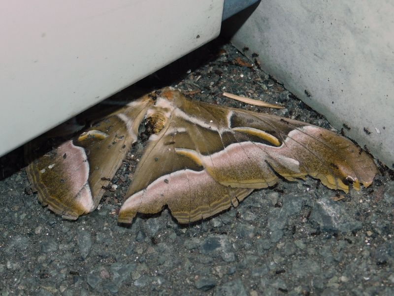-- ゴミ箱の下に、シンジュサンの遺骸。
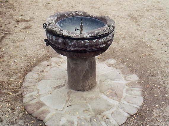 Im Vorhof des Friedhofs steht ein Brunnen für die
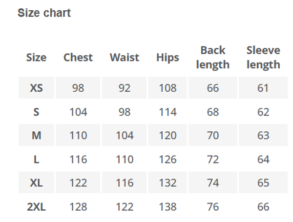 Pasvorm: de jas valt iets kleiner uit. Twijfel je tussen twee maten? Kies dan de grotere maat.

+ + + +

#### [Work request]
Make an exact copy of the listing. Leave its pictures out.

#### [Written answer]
-- ゴミ箱の下に、シンジュサンの遺骸。
 Im Vorhof des Friedhofs steht ein Brunnen für die
 Pasvorm: de jas valt iets kleiner uit. Twijfel je tussen twee maten? Kies dan de grotere maat.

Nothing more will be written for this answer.